How to analyse any tabular data in less than 2 minutes?

Adam Gabriel Dobrakowski
MIM Solutions Blog
Published in
5 min readApr 12, 2023

Author: Adam G. Dobrakowski
Redaction: Zuzanna Kwiatkowska

There is a simple way to analyse (almost) any tabular data in less than 2 minutes in a simple and efficient way. I will show you how to do it using only 2 Python tools: Jupyter notebook and Pandas profiling.

No matter what our problem is, if the solution requires implementation of some machine learning model, we always have to start with data analysis. Let’s say we have a single table, where rows represent observations (for example people we analyse), and the columns represent their features (for example age, height, gender, etc.).

Based on my experience, I would argue that there are 8 things that you should always check in your analysis:

  1. What is the number of observations and features (meaning you should check the dimensionality of the data)
  2. Analyse manually a subset of observations from your table
  3. Assign the type to each of your features
  4. Verify the distribution of each feature
  5. Check if there are outliers in data
  6. Check if there are any missing data (for example NULL values)
  7. Find correlations and dependencies between features
  8. Verify the quality and correctness of the data

Sounds like a lot of work. The good news is that we can do all of that with a single command!

To do that we will need the Pandas profiling library in Python. I will show you how it works using the House Rent Prediction Dataset as an example.

After you download and unpack your data, you can use the following piece of code in your notebook to generate the report:

! pip install pandas_profiling

import pandas as pd
import pandas_profiling

df = pd.read_csv("House_Rent_Dataset.csv")

profile = pandas_profiling.ProfileReport(df)
profile

And that’s all! That’s the only thing required to generate a complex report which addresses all of the points I mentioned. Let’s analyse it step by step.

Overview

In the first section, called Overview, you can find some basic information about your dataset:

You can see the number of features (variables), number of observations and types of features. All of this addresses points 1 and 3 from our checklist. Additionally, we can already see if there are duplicates amongst the observations, which is a first step to verify data quality and correctness.

Alerts

Here you can see all the problems that are probably present in your data such as, but not limited to, high correlation between features, skewness, uniformity, zero-values or nulls, small variability of data (such as one persisting value in some feature) or a large number of unique values within a feature.

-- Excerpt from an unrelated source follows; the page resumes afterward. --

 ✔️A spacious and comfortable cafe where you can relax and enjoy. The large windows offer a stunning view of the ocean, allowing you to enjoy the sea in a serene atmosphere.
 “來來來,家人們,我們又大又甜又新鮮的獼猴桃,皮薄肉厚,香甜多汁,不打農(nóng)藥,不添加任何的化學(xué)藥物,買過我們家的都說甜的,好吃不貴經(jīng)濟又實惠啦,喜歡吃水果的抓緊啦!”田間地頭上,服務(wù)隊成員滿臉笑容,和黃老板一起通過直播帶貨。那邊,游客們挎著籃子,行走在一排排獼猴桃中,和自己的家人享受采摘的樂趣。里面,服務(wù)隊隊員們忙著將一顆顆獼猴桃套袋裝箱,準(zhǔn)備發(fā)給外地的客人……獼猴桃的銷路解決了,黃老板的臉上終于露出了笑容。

In our example, we are shown 24 alerts:

You have to remember that alerts are just giving you tips on what to further verify manually or take a closer look at. They don’t necessarily mean there are actual problems in your data. Nevertheless, we can tick point 8 from our checklist.

Variables

Another section of the report gives us a closer look into variables, segregated to various types like numerical or categorical.

Numerical features

Let’s analyse the numerical features section using an example of `Size` feature. It represents the size of a house or apartment and is measured in square feet.

On the right, we can automatically analyse the distribution of the feature using a plot, but also see some important parameters of this distribution like its mean, minimum, maximum or percent of specific values (for example zeros, negative, missing, infinite, distinct, etc.)

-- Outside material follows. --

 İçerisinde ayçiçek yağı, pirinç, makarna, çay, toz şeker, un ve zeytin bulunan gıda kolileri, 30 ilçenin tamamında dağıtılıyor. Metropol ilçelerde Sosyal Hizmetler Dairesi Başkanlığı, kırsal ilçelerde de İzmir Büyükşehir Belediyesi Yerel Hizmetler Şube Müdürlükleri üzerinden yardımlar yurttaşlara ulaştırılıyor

When we open a section with details, there is even more information available for the analysis.

We could use 5th and 95th percentile to indicate a cut-off for outliers (meaning that any value lower than 5th percentile and higher than 95th is an outlier). This is not a bad approach, but in this report we have a dedicated tool for outliers analysis called `Extreme values`. There you can find 5 of the highest and of the lowest values for each feature.

Categorical features

The analysis for categorical features will be only slightly different than for numerical features shown above. The example of a categorical feature may be the “City”, indicating where exactly the house or apartment is located.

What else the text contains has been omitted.